Lately I’ve found a bit of a rhythm with my online writing: I am blogging less often at my big blog, though the posts are longer, and am moving quotations (along with notes on what I’m reading and listening to) to micro.blog. And when I post something to the big blog I note that fact on micro.blog. So if you subscribe to the micro.blog, you’ll get an email digest each Friday of everything I post online. Plus, of course, photos of Angus.
“This mihrab is decorated with patterns of flowers and vines to remind worshipers of heaven, which, in Islam, is pictured as a beautiful garden. In addition to the patterns, notice the Arabic writing. The words in curvy white calligraphy in the outer border of the mihrab are from the holy book of Islam, the Qur’an, and the navy blue writing on the pointed, white inner frame lists the Five Pillars of Islam, the most important beliefs and rules for all Muslims.”
An essay collecting a wide range of information, from a wide range of fields, indicating one overwhelming truth: Everything everywhere looks the same. “So, there you have it. The interiors of our homes, coffee shops and restaurants all look the same. The buildings where we live and work all look the same. The cars we drive, their colours and their logos all look the same. The way we look and the way we dress all looks the same. Our movies, books and video games all look the same. And the brands we buy, their adverts, identities and taglines all look the same.”
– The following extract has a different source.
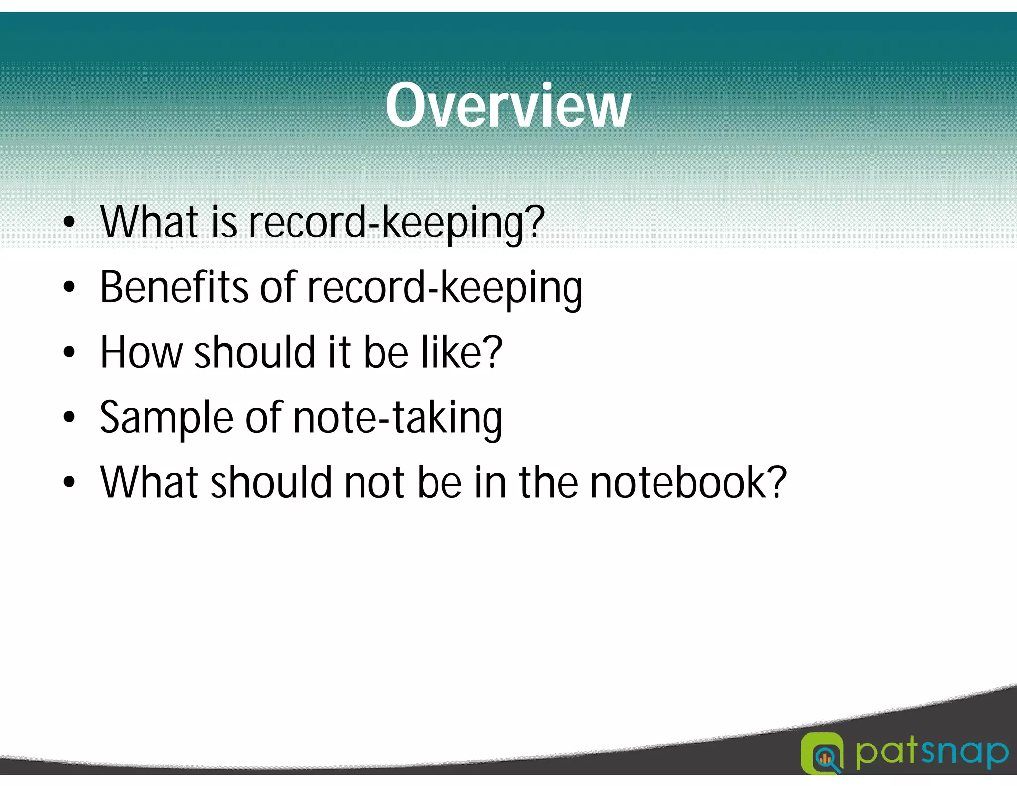 The document outlines the importance of record-keeping for inventions, emphasizing that notes should be handwritten, organized, and secure to serve as legal evidence of conception. It advises maintaining a bound notebook with detailed observations and having a witness present to validate entries. The document also warns against common mistakes in record-keeping, such as making erasures or using shorthand.

An extraordinary story about Mack McCormick, a historian of the blues who died in 2015, leaving behind an extremely confusing legacy of jaw-droppingly extensive research, elegant writing, paranoia, and possible lying. See also Ted Gioia’s response to the story, and an older reflection by him on McCormick’s legacy.
In his informal, allusive, often nostalgic Essays and Last Essays of Elia, much admired by American as well as British readers, [Charles Lamb] had described the excitement that Elia, the pseudonym he used in his essays, felt as he bought a ‘folio Beaumont and Fletcher’ – an acquisition that he had saved up for by wearing his brown suit until it was threadbare. Both scared and enraptured, Elia had dithered until 10 p.m. on a Saturday before finally setting out to walk from Islington to the bookseller’s premises in Covent Garden. When he returned home, he insisted on collating and repairing the book immediately instead of waiting until daybreak. Though Lamb treasured his books, he also made clear that most of his ‘midnight darlings’ were ‘ragged veterans’, often incomplete or imperfectly bound (he had some of them repaired by a cobbler). His collection suffered not only from his reading but from the attacks of borrowers, ‘those mutilators of collections, spoilers of the symmetry of shelves, and creators of odd volumes’. Further damage had befallen his library, as Bartlett and Welford explained, after his death in 1834. Yet they had deliberately left the books as they were: ‘no attempt,’ they declared, ‘has been made to re-clothe his “shivering folios”; they are precisely in the state in which he possessed and left them.’